One of the state’s most impressive—if not substantial—pieces of evidence, Brown and Hodge knew going in, was the information the state had acquired from Terra’s and Alan’s cell phones. Jessica would have been better off leaving the phones alone, but she had to play with them. And that, the prosecution felt, was going to now come back to haunt her.

Brett Trimble sat. Brett was the custodian of records for Spring Communications Company. Here was one of those unbiased witnesses Hodge had brought in to talk about data. Pure, unadulterated information. Brett wasn’t sitting in for either side. The guy was there to talk about the information he had taken from cell phone records. This sort of evidence was ironclad. People lie. Cops sometimes leave things out for their own biased reasons. Friends can have an agenda. But records—documentation like this—speak to a truth no one can taint.
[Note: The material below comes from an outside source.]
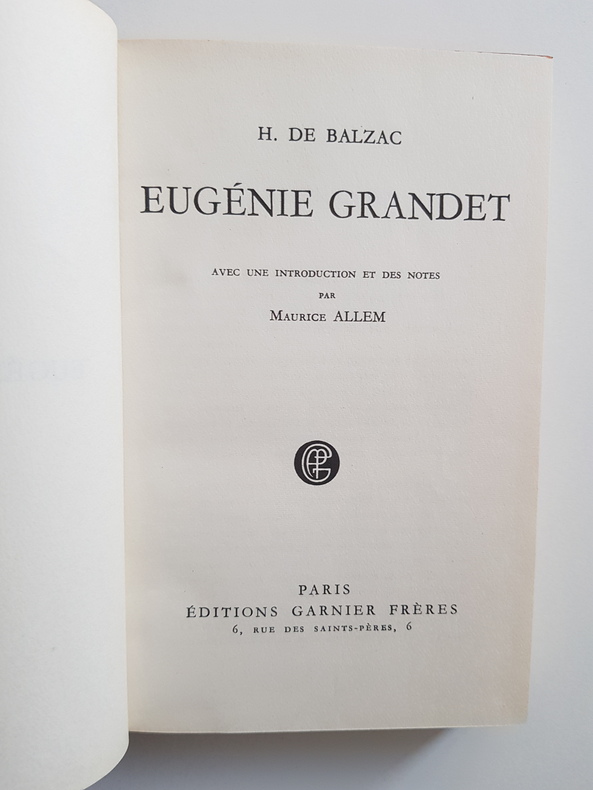 Titre : Eugénie Grandet Auteur : Balzac Honoré de Éditeur : Éditions Garnier Frères Lieu d'édition : Paris Date d'édition : 1955 Collection : avec une introduction et des notes par Maurice Allem Langue : français Reliure : demi-chagrin fauve, dos à nerfs orné de filets et fleurons dorés et noirs, titre en capitales, plats papier marbré Format : env. 19 x 12 cm État du livre : bon état - légères frottures d'usage aux coiffes et aux mors, coins un peu émoussés, intérieur propre et frais, sans annotation ni soulignement, papier bien conservé Particularités : achevé d'imprimer sur Supralfa Cellunaf par l'Imprimerie André Tardy à Bourges le 25 juillet 1955 ; numéro d'édition 454 ; dépôt légal 3e trim. 1955 Description : Élégante édition Garnier Frères d'Eugénie Grandet en demi-reliure de qualité, dos décoré. Texte précédé d'une introduction et accompagné de notes par Maurice Allem. Exemplaire solide et propre, idéal pour la lecture et la collection.

It is what it is, as they say.

Brett went through and described how he had looked at Alan’s and Terra’s cell phone numbers and matched them up to cell towers during that particular period of time the prosecution was interested in—between Friday night, at approximately six o’clock, and the next morning, very early. He did a search for “activations and locations.”

When you make a call on your cell phone, the signal hits the closest tower in the area where you make that call. That transfer of electronic information produces a record. A hit. The company who owns the tower knows which numbers are using which towers, where and at what times.

Brett called it a “cell site.” (Some may want to refer to it as one more addition to the Big Brother family.)

As you drive in your car, for example, away from, say, tower one, and come closer to tower two, your cell phone picks up that second tower site. From the time you start the call, Brett explained to the jury, until the phone call concludes, no matter where you drive or walk, each tower records all your moves.

Bad news for Jessica McCord.

Hodge showed Brett photographs of several cell towers, which covered a range, or radius, of about three miles, Brett said.

After the witness viewed several photographs, Hodge asked Brett to explain how those recordings—of the cell towers—are made.

“Well,” Brett said, “a call is made and it is entered into our computer system. Our computer system looks for the subscriber and locates it, and it is sent through the tower in to the customer.”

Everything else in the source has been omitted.